I'm not a lawyer, but years ago I read a book on contract law that one of my tenants had thrown out. I just finished re-reading the section called "adverse possession", and that's what this squatter woman's lawyer is probably going to argue.
Canada and the USA both inherited their system of laws from England where 500 or 600 years ago only the very wealthy and the clergy could afford time away from work to learn to read and write, and the Lord who looked after the land on behalf of the King would often be gone for years fighting a crusade somewhere in the middle east. So, back then, it was common for people to try to swindle people out of their property by bribing someone who knew how to write to forge a will or deed. Then, they'd make up a story as to why they had a superior right to that land. Illegitimate children of deceased Lords were popping up all over the place back then. With no Lord around to decide the matter, the principle of "adverse possession" became part of the "common law", which was really just the rules of common sense that people lived by under those circumstances.
Adverse possession simply means that if you occupy someone else's land openly and treat it as your own by farming it or making improvements to it, and you do that for a long enough period of time, that land becomes yours.
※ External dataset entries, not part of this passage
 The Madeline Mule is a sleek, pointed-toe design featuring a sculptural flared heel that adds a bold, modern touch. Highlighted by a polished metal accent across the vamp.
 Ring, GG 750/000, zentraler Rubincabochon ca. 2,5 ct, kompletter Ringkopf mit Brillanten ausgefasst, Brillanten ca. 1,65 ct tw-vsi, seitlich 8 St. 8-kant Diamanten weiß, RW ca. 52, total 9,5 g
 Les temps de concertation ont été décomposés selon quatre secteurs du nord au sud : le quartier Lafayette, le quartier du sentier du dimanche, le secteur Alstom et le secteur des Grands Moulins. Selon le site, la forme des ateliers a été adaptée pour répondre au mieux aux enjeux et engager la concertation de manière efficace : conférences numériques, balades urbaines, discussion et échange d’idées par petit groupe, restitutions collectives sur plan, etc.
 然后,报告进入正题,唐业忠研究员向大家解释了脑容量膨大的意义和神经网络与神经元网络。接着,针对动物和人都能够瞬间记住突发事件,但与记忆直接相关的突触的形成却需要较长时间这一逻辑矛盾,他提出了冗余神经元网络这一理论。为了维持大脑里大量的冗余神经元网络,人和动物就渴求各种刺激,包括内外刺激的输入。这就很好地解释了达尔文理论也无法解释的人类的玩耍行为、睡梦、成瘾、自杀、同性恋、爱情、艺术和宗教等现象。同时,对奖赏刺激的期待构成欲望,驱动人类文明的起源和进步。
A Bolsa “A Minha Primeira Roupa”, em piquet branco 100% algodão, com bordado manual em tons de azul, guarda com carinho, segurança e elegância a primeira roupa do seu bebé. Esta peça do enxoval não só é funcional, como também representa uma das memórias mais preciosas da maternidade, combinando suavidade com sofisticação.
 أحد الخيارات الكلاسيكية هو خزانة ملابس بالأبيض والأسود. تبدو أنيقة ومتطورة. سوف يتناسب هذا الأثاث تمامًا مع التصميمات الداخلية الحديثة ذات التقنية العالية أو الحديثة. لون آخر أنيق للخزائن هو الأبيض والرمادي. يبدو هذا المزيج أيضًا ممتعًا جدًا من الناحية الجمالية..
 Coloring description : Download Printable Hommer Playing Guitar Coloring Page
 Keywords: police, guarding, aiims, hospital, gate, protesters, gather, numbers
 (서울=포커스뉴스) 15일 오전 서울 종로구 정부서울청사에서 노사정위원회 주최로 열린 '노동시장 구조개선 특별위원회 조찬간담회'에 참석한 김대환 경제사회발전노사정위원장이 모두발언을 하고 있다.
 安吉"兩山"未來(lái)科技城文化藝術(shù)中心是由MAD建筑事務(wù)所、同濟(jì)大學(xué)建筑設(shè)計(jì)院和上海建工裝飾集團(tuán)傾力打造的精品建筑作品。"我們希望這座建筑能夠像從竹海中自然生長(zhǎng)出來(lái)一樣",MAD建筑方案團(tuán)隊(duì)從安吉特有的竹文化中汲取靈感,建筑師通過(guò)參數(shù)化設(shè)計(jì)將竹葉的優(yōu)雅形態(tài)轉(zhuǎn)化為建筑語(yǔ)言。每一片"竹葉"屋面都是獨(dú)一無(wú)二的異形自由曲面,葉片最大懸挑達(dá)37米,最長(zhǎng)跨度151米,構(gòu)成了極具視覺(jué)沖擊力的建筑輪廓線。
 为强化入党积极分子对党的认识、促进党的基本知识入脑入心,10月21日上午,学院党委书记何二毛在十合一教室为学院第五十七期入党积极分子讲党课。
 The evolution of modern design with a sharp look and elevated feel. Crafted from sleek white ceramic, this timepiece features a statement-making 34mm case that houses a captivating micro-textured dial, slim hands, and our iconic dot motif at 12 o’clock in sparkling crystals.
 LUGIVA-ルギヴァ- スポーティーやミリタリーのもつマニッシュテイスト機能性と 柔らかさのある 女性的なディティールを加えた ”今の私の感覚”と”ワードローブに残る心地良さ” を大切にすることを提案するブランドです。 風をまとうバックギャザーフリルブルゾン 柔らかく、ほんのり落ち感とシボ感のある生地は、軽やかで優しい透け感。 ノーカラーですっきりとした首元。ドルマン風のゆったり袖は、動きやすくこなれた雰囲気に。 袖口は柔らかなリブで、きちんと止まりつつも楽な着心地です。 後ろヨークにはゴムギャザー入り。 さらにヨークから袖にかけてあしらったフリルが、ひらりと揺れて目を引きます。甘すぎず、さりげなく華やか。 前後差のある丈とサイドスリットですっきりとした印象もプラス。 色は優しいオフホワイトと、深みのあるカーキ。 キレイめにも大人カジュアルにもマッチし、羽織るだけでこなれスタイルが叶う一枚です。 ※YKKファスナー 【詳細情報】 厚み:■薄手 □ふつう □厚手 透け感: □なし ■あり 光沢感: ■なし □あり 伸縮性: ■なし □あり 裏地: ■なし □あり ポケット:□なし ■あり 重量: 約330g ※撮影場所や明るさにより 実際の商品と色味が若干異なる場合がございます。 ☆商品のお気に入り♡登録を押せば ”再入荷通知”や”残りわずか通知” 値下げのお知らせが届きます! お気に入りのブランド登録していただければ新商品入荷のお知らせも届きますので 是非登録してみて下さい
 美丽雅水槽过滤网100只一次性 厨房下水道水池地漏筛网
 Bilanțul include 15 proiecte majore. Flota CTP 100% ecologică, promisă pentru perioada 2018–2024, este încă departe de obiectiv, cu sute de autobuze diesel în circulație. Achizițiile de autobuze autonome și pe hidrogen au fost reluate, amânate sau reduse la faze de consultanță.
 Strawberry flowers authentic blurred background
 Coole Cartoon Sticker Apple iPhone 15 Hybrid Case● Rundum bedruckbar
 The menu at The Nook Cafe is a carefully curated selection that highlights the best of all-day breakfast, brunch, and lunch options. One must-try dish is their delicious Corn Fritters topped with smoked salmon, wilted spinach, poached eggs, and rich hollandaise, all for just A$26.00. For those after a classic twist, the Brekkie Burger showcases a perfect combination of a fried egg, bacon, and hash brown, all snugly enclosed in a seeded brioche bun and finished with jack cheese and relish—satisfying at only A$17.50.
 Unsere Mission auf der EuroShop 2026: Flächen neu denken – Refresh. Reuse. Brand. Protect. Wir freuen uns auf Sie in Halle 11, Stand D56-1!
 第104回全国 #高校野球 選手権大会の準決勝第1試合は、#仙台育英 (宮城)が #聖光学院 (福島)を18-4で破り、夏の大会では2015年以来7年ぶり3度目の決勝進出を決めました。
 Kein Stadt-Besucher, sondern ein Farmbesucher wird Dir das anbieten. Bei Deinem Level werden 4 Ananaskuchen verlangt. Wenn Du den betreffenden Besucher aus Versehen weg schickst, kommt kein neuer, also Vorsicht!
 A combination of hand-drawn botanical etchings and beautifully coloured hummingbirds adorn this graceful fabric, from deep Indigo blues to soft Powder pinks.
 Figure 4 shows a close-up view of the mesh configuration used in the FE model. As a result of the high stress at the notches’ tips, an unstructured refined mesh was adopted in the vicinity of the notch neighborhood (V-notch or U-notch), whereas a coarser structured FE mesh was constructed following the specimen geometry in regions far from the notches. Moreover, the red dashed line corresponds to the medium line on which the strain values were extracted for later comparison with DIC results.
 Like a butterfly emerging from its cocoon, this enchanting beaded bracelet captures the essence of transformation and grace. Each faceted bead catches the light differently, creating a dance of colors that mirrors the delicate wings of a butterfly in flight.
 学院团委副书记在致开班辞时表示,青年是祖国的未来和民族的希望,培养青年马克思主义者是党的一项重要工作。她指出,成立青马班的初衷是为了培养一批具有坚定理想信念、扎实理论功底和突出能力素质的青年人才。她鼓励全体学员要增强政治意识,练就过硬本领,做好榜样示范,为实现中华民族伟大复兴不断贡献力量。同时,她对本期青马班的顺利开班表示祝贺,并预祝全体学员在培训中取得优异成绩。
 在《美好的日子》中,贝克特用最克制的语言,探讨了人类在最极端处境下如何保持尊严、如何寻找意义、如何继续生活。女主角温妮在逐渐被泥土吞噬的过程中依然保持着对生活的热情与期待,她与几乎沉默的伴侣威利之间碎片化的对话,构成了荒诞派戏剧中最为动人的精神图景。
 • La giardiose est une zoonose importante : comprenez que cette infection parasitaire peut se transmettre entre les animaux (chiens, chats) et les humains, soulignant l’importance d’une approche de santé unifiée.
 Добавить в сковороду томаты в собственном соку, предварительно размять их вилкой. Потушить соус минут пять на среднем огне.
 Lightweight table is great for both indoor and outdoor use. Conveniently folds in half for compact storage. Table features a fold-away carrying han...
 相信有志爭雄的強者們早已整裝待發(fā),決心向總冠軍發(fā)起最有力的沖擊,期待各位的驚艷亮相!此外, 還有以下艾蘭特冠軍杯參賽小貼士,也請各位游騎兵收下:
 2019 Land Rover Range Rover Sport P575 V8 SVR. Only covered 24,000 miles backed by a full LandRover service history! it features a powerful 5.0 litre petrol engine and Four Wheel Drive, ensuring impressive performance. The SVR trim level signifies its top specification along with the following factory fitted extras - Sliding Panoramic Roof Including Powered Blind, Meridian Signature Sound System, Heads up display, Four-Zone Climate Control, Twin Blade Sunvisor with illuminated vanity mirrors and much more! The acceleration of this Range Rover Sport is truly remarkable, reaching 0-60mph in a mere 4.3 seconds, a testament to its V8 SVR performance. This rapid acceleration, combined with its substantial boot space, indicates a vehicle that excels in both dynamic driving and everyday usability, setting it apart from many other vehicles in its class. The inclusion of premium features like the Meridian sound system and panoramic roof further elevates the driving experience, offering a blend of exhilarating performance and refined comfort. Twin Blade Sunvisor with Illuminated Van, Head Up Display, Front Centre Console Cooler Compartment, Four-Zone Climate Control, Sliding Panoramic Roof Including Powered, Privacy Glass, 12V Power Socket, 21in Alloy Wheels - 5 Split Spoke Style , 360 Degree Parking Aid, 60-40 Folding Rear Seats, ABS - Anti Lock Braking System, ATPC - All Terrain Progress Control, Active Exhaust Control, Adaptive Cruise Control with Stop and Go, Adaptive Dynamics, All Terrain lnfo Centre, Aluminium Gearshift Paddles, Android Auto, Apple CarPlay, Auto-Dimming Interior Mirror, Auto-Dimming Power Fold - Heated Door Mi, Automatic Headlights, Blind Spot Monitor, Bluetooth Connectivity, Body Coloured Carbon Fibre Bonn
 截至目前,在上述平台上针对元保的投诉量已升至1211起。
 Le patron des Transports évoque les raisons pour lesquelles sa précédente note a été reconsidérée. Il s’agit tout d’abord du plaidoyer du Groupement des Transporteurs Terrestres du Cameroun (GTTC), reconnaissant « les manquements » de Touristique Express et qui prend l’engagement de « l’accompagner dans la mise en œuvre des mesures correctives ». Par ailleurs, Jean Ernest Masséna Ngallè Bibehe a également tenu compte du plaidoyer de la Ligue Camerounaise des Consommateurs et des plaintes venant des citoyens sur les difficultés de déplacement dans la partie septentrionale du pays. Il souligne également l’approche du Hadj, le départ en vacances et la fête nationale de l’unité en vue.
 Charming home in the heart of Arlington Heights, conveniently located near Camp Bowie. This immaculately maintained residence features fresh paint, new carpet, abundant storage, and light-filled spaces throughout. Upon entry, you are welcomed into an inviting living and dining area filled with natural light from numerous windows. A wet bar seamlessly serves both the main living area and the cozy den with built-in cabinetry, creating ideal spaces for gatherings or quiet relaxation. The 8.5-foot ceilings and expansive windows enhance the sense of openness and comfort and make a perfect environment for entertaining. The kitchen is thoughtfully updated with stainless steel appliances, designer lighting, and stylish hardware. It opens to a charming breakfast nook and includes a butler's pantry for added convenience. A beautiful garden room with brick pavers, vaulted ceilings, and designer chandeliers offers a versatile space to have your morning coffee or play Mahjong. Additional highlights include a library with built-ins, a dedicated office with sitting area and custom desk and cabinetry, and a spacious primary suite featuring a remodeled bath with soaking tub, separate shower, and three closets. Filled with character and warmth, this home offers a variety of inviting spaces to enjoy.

So, if you're an illiterate farmer in medieval England, and some stranger shows up on your doorstep claiming that he's the rightful owner of your land and has a piece of parchment to prove it, you didn't have to worry because all of your neighbors would testify that it was you who had farmed that land for years and you were the one who built the barn and thatched the roof on it and built a fine pig sty for your sow too. In that case, the principle of adverse possession would come into play, and you would succeed in keeping the land despite the apparantly superior claim of the stranger.
I'm not a lawyer, but there's no chance that this squatting Blair woman is going to get herself a free house here. When Peterson bought the house, then she would have been recorded as the owner in Detroit City's property tax department. Lots of cities have programs whereby if someone fixes up an abandoned derilict house, they become the owners of it, but all of that has to be done with both the registered owner's and the city's knowledge and permission. If this ever gets to court, the judge is gonna see it for what it is; a modern day attempt to swindle someone out of their property.